EXERCISE INPUTS:
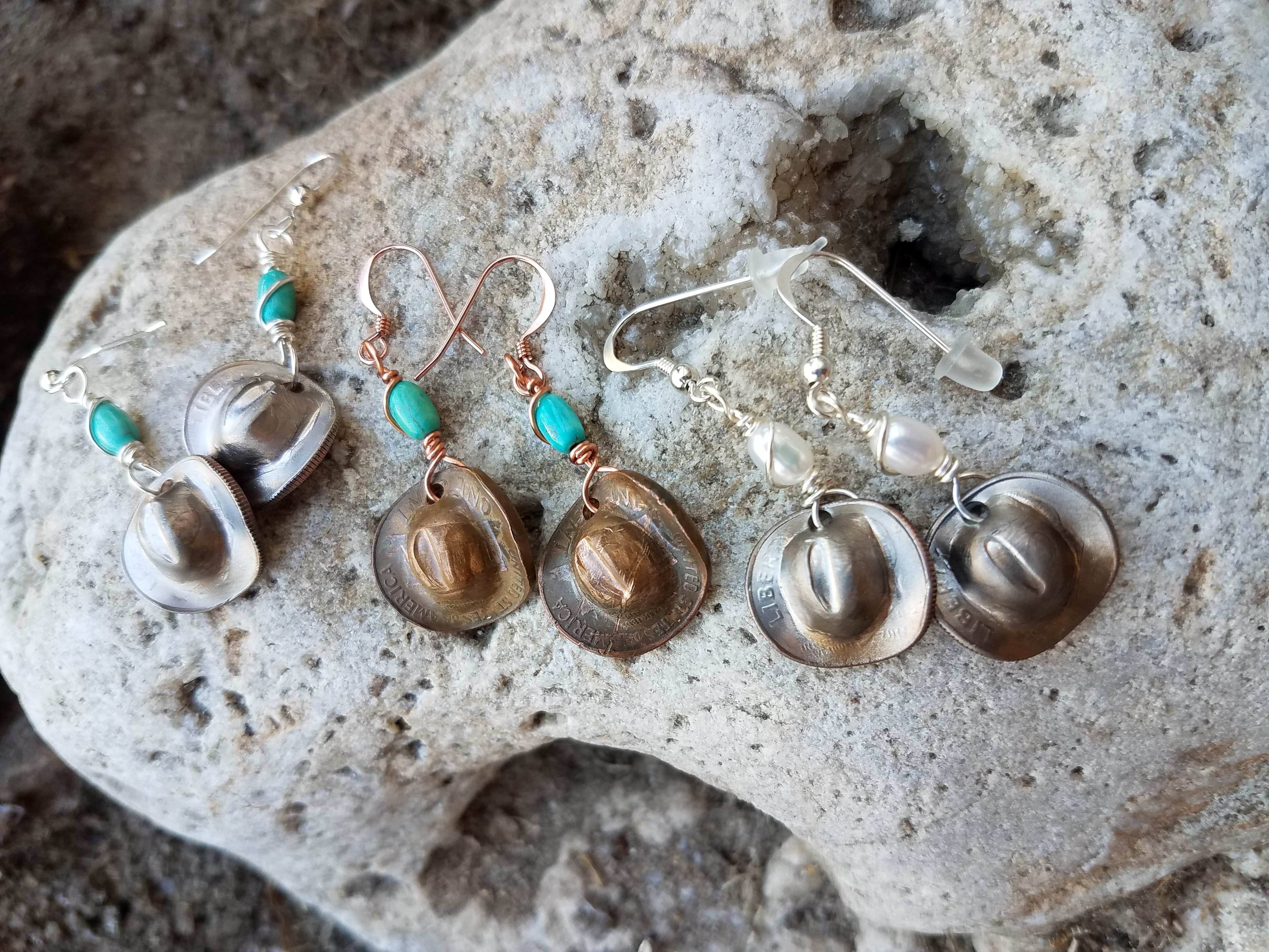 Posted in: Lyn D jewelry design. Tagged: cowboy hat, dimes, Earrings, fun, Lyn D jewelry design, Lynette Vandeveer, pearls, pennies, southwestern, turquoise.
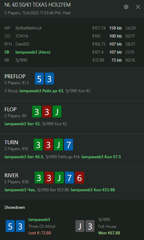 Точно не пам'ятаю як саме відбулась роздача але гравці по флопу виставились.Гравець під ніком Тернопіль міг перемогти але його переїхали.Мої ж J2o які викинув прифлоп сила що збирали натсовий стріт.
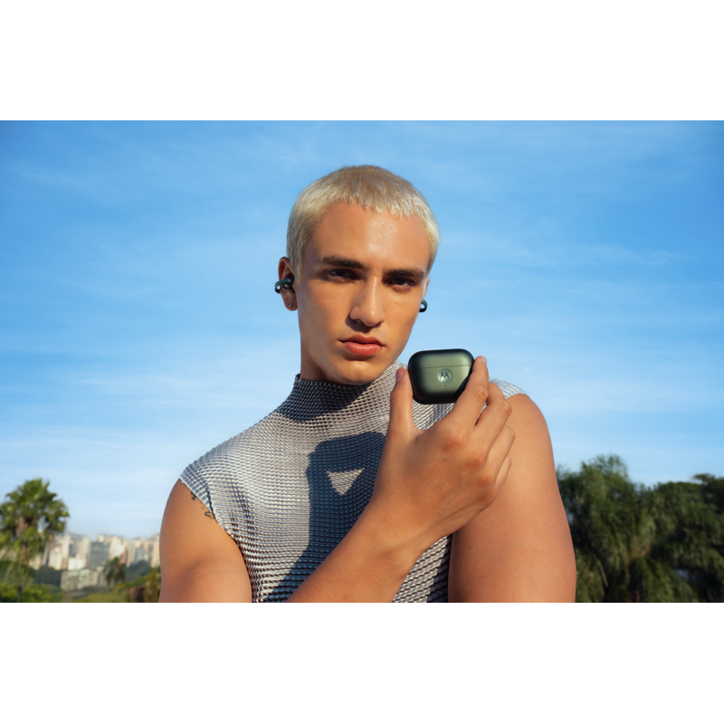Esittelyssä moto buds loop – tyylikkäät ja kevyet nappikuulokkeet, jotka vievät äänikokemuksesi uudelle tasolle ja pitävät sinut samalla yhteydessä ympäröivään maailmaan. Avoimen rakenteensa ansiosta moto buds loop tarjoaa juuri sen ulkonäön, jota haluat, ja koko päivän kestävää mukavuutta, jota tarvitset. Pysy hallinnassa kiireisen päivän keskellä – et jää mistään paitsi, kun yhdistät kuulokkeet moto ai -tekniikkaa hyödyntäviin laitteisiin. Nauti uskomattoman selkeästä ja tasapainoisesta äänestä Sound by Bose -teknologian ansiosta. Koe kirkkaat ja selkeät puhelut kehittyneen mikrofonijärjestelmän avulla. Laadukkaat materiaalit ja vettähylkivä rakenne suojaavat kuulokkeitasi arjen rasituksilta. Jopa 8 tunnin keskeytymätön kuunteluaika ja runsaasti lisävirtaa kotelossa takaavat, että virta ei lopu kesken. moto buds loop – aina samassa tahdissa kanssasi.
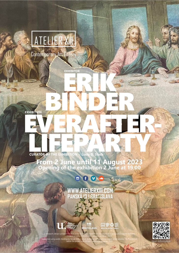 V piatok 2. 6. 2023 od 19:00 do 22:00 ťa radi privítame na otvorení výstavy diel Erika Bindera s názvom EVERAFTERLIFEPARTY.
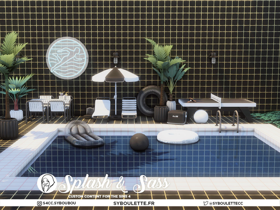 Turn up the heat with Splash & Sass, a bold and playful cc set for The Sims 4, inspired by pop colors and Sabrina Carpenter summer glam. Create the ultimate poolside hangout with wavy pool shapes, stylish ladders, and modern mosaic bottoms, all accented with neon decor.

EXERCISE INSTRUCTIONS: From the first line of the records through the line with "Esittelyssä moto buds", reproduce each line exactly and leave the pictures out.

SOLUTION FOR THIS PROBLEM:
 Posted in: Lyn D jewelry design. Tagged: cowboy hat, dimes, Earrings, fun, Lyn D jewelry design, Lynette Vandeveer, pearls, pennies, southwestern, turquoise.
 Точно не пам'ятаю як саме відбулась роздача але гравці по флопу виставились.Гравець під ніком Тернопіль міг перемогти але його переїхали.Мої ж J2o які викинув прифлоп сила що збирали натсовий стріт.
Esittelyssä moto buds loop – tyylikkäät ja kevyet nappikuulokkeet, jotka vievät äänikokemuksesi uudelle tasolle ja pitävät sinut samalla yhteydessä ympäröivään maailmaan. Avoimen rakenteensa ansiosta moto buds loop tarjoaa juuri sen ulkonäön, jota haluat, ja koko päivän kestävää mukavuutta, jota tarvitset. Pysy hallinnassa kiireisen päivän keskellä – et jää mistään paitsi, kun yhdistät kuulokkeet moto ai -tekniikkaa hyödyntäviin laitteisiin. Nauti uskomattoman selkeästä ja tasapainoisesta äänestä Sound by Bose -teknologian ansiosta. Koe kirkkaat ja selkeät puhelut kehittyneen mikrofonijärjestelmän avulla. Laadukkaat materiaalit ja vettähylkivä rakenne suojaavat kuulokkeitasi arjen rasituksilta. Jopa 8 tunnin keskeytymätön kuunteluaika ja runsaasti lisävirtaa kotelossa takaavat, että virta ei lopu kesken. moto buds loop – aina samassa tahdissa kanssasi.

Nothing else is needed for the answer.